Vishal also ascribes Amlani’s success to putting his personal ambition as a restaurateur on the backburner. She recalls the Smoke House Room, a fine-dining project that Amlani set up in Delhi in 2011, which, she says had excellent food, but was too formal and expensive. “Delhi didn’t accept it and he lost Rs 12 crore on the project and shut it,” she says. “Unlike other entrepreneurs, he didn’t fall into the trap of continuing with it despite not making money.”  

With it, Amlani also learnt from his mistake of straddling two boats. In the wafer-thin margins that the F&B industry offers, one can be either a limited super concept model, like Olive, or one that chases the economics of scale. “Restaurateurs slip up because they get mixed up between the two models, trying to force something that is not inherently scalable to scale,” adds Vishal. Amlani realises the need to have a multi-brand portfolio to help his company go both deep and wide, but is cautious enough to assign specific roles to individual brands—a Social, for instance, would help him go deep and scale up to 300-plus outlets in future, while there could be only a few of boutique restaurants like Slink & Bardot and Soufflé I S'il Vous Plaît.  

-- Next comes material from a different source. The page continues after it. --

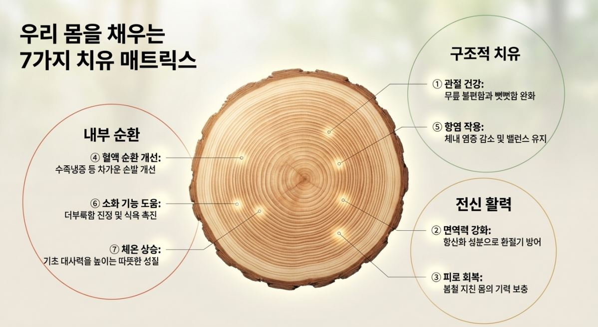 신체 내부의 흐름이 정체되면 피로가 쌓이고 손발이 차가워지는 증상이 나타납니다. 이때 엄나무는 혈관의 통로를 열어주는 '순환의 조력자'로 활약합니다. 엄나무의 성분은 혈액 순환을 원활하게 견인하여 신진대사를 촉진하며, 이는 곧 전신으로 온기가 고루 전달되어 피로 곰팡이를 씻어내는 결과로 이어집니다.

In 2017, L Catterton, the world's largest consumer-focussed global private equity firm backed by luxury multinational company LVMH, bought a controlling stake (of 70 percent) in Impresario, buying out Shahdadpuri and Mirah Hospitality (which had invested Rs 48 crore in the company in 2011). L Catterton invested Rs 100 crore in the business that helped Riyaaz open up seven more Socials and five Smoke House Delis. “When they came in, our topline was at Rs 230 crore. In three years, before Covid hit, we had a revenue run rate of Rs 480 crore,” says Amlani. 

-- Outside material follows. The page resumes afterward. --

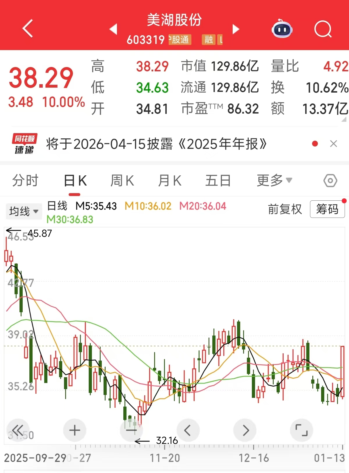 上证报中国证券网讯(记者 窦世平)截至1月13日午间收盘,美湖股份涨停,报38.29元/股。
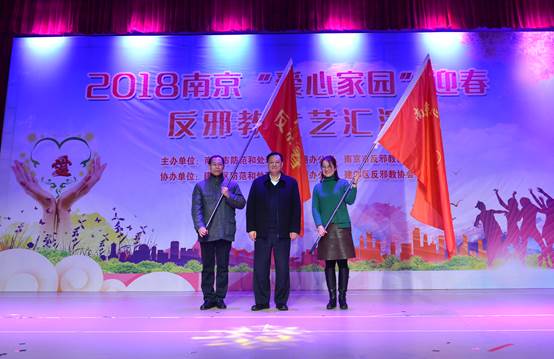 2月1日下午,南京市防范办和南京市反邪教协会共同举办了以“喜迎新春,传承文明,反对邪教,共建和谐”为主题的“2018南京‘爱心家园’迎春反邪教文艺汇演”。

“We typically identify trends that shape consumer preferences, and drive purchasing behaviour, and then partner with the founders and the management of companies that stand to benefit from such trends, to put them on an accelerated growth path. Impresario was a good example of this approach,” says Saurabh Mehta, investment principal at L Catterton and director, Impresario. “With brands like Social and Smoke House Deli, and dining concepts which already had proven strong unit economics, in Impresario we saw an immense potential for further growth.”  

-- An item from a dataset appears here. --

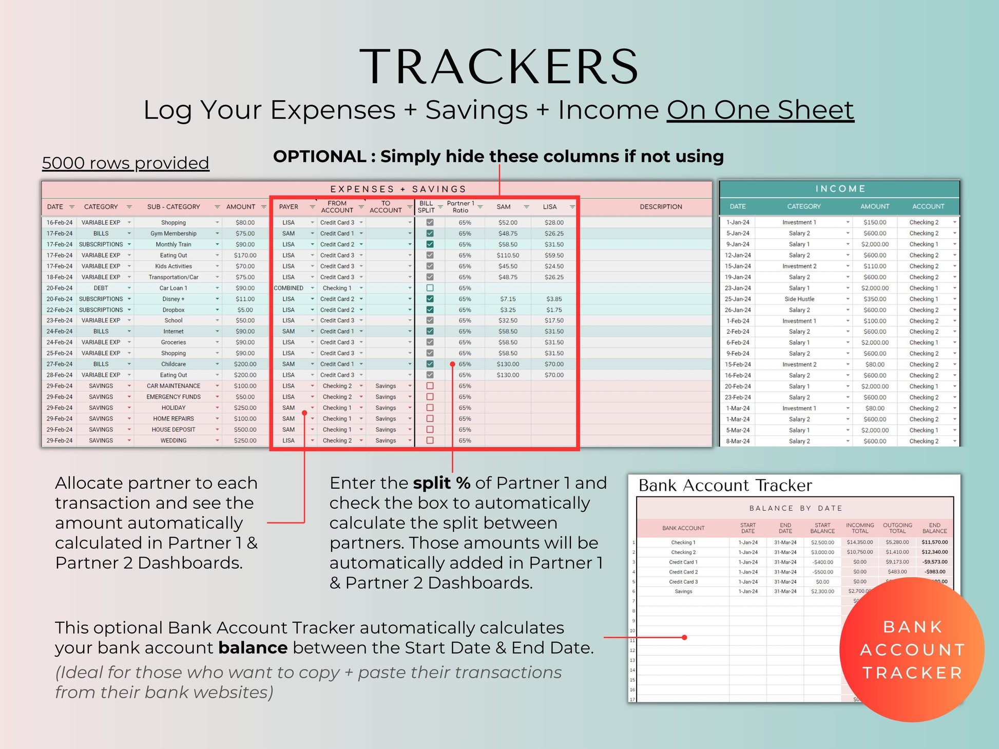 ✓ Automatic bills split calculation between partners - simply enter the %

Over 20 years, Amlani’s business has been built on the soft skills of catching a trend early. With the pandemic headwinds tapering off, he, along with Impresario, seems well poised to cash in on ‘revenge socialising’. He says he’s been on the edge a few times before—when hookahs were banned, when only half of the funds materialised while Social was being planned, or when the highway liquor ban came into effect and 40 percent of his restaurants weren’t allowed to serve alcohol. “I believe I’ve done enough net practice to play the Test match against Covid,” he says.